False Claim #1   (v.6)

We can say ‘we have fellowship with God’ and not live a holy life.

John tests this claim that is all too common in our world. Most people claim a relationship with God. However John would tell us, ‘if we say we have fellowship with Him while we walk in darkness, we lie and do not practice the truth’ (v.6). This verse lets us know that claiming to be a Christian does not, in any way, make one a Christian. John goes further by saying that if you claim to have fellowship with God while you have a pattern of life not consistent with the God who is light (walk in darkness-v.5), you lie. If your mouth says you are Christian and your life says you are not a Christian, this passage tells us to believe your daily living instead of any claim you might make. Claims that have no action to back them up?…According to John, those claims would be FALSE.

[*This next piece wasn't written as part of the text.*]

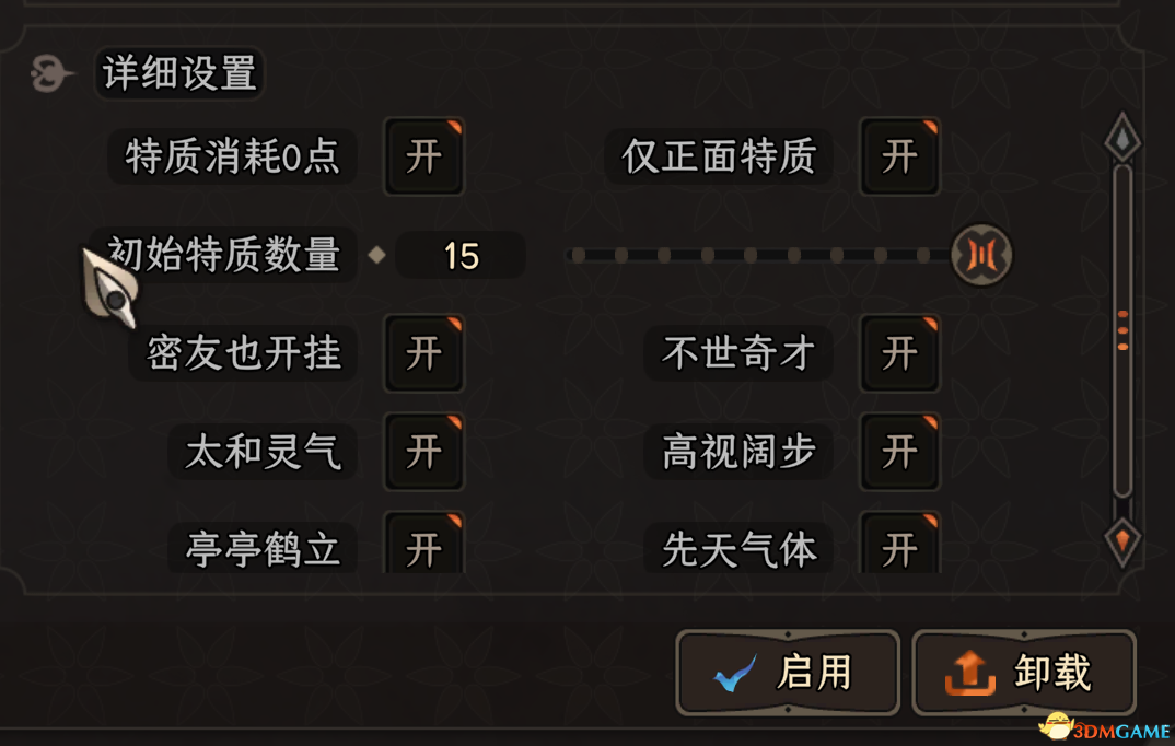 《太吾绘卷》捏人特质修改合集。一款很棒的捏人特质修改合集,里面包含了免费出生特质,仅正面特质,自定义数量,指定特殊特质等多种功能给玩家选择,喜欢的玩家不要错过。

So, if one ought to live a holy life in order to verify their claim of knowing God, this passage leads us to ask the question, ‘Where are all the holy Christians?’. Our country (and our social media newsfeeds) would look like a vastly different place if all the people that claimed to know God actually did.

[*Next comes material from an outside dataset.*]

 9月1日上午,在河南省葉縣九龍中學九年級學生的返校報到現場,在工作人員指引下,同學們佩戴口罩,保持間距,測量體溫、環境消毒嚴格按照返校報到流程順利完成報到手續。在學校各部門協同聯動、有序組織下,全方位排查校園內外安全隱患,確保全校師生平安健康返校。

Sadly, they don’t. The blanket that tucks them into bed at night is not knowing what God requires of their life. Ignorance is what covers them, lulling them to sleep. Similarly, people who go to sleep in a house with a carbon monoxide leak, don’t know it’s killing them.  May God give them the grace to know He demands they turn from their sin, believe in Christ, and live a holy life before him. Maybe this is your alarm clock to wake up and turn to Christ, avoiding a slow death in darkness. If so, it’s not safe to hit the snooze button.

It may be a good time to point out that John wrote this letter to encourage genuine Christians to know that they possess eternal life. Verse 6 tells us that claiming to know God is not enough but verse 7 gives us hope…

“But if walk in the light, as he is in the light, we have fellowship with one another, and the blood of Jesus his Son cleanses us from all sin.”

            John defines what a true Christian is: one who walks in the light as he is in the light. The term “Christian” is defined not just by our claims, but by our daily life. Moral purity or holiness is a trademark of true Christianity. If we are genuine Christians, this verse says two things that have to be true of us…

  1. We have fellowship with one another
  2. The Blood of Jesus his son cleanses us from all sin.

The mark of a genuine Christian is their fellowship around the truth of the gospel with other believers, who also walk in the light–as God is light. This reminds us of the importance of assembling together with other Christians in weekly gatherings. If we are walking in the light, we will have natural desires to be in fellowship with one another, and the blood of Jesus cleanses us from all sin.

By living Holy lives, we prove we know a Holy God. If that statement rings true for us, we have a desire to gather with God’s people, and we have a savior in Jesus who has washed away any stain of sin in our lives. Experiencing or witnessing this transformation does not bring to mind a ‘loose affiliation.’ Instead, we are left with the image of a 100%, sold-out, deeply driven, passionate dedication to Christ and His Word that even the most unfiltered senior would attest to.